On some suitably abstract level of description, agents must have available actions, they must have some model of the world that includes a free parameter for different actions, and they must have a criterion for choosing actions that’s a function of what the model predicts will happen when it takes those actions. Agents are what is dangerous, because they steer the future based on their criterion.
What you describe in this post is an AI that has actions (outputting text to a text channel), and has a model of the world. But maybe, you say, we can make it not an agent, and therefore a lot less dangerous, by making it so that there is no free parameter in the model for the agent to try out different actions. and instead of choosing its action based on consequences, it will just try to describe what its model predicts.

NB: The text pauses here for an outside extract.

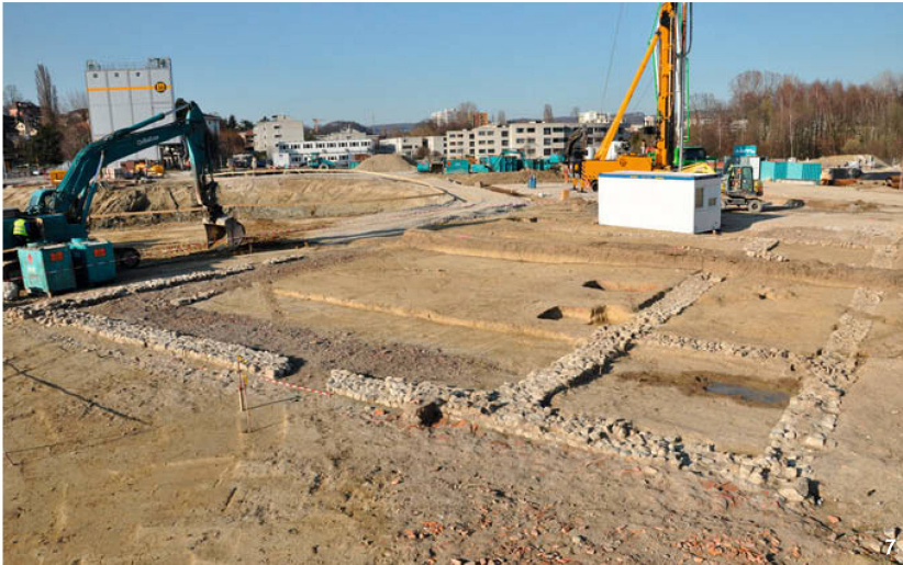
Fig. 7 Vue d'ensemble de la partie est du bâtiment 3.

Ansicht der Ostseite von Gebäude 3. Veduta complessiva della parte est dell'edificio 3.

Thinking about it in terms of agents like this explains why “knowing that it’s running on a specific computer” has the causal powers that it does—it’s a functional sort of “knowing” that involves having your model of the world impacted by your available actions in a specific way. Simply putting “I am running on this specific computer” into its memory wouldn’t make it an agent—and if it chooses what text to output based on predicted consequences, it’s an agent whether or not it has “I am running on this specific computer” in its memory.
So, could this work? Yes. It would require a lot of hard, hard work on the input/output side, especially if you want reliable natural language interaction with a model of the entire world, and you still have to worry about the inner optimizer problem, particularly e.g. if you’re training it in a way that creates an incentive for self-fulfilling prophecy or some other implicit goal.
The basic reason I’m pessimistic about the general approach of figuring out how to build safe non-agents is that agents are really useful. If your AI design requires a big powerful model of the entire world, that means that someone is going to build an agent using that big powerful model very soon after. Maybe this tool gives you some breathing room by helping suppress competitors, or maybe it makes it easier to figure out how to build safe agents. But it seems more likely to me that we’ll get a good outcome by just directly figuring out how to build safe agents.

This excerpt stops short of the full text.